-- Exercise --
Among the entries below, take the line with "接下来,让我们尝试另一个非常重要的命令 docker pull" and the line with "Dotazioni standart: pompa", and output them and every line between them exactly, with nothing else.

-- Provided records --
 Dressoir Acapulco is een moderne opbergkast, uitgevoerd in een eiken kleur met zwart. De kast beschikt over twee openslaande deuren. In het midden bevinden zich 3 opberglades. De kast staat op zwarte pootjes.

==

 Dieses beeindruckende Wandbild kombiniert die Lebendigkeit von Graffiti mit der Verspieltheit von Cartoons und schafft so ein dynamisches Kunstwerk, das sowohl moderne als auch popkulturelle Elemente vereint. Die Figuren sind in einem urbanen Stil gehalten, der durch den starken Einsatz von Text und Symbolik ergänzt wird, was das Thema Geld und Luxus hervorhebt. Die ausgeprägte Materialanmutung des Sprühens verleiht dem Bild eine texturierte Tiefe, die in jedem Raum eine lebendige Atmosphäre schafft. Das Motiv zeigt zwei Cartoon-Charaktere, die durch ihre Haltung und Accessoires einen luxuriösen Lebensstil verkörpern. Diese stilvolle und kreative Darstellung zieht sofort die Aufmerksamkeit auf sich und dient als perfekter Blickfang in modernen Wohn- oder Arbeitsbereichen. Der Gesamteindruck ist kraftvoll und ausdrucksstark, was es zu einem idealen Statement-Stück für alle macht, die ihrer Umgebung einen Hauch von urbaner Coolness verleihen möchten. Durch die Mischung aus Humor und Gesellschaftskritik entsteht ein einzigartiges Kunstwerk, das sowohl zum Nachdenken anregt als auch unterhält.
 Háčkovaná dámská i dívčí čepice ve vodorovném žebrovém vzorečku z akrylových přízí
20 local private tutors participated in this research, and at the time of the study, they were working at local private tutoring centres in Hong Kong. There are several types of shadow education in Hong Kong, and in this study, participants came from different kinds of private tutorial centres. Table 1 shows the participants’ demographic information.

...

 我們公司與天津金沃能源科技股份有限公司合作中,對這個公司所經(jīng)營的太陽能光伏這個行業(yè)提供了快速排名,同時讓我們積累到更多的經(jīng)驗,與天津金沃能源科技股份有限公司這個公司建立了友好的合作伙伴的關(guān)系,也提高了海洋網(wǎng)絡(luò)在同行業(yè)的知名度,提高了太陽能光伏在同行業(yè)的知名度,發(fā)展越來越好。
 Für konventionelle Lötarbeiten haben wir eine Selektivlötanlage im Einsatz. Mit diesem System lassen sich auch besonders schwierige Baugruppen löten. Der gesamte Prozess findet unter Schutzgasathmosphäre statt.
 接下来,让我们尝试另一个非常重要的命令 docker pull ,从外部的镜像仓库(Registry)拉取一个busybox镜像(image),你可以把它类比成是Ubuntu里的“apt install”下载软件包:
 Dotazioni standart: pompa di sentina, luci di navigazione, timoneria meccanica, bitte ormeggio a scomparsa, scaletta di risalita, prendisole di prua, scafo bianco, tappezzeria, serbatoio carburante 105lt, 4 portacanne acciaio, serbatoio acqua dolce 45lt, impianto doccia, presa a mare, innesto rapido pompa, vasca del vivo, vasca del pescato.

-- Exercise result --
 接下来,让我们尝试另一个非常重要的命令 docker pull ,从外部的镜像仓库(Registry)拉取一个busybox镜像(image),你可以把它类比成是Ubuntu里的“apt install”下载软件包:
 Dotazioni standart: pompa di sentina, luci di navigazione, timoneria meccanica, bitte ormeggio a scomparsa, scaletta di risalita, prendisole di prua, scafo bianco, tappezzeria, serbatoio carburante 105lt, 4 portacanne acciaio, serbatoio acqua dolce 45lt, impianto doccia, presa a mare, innesto rapido pompa, vasca del vivo, vasca del pescato.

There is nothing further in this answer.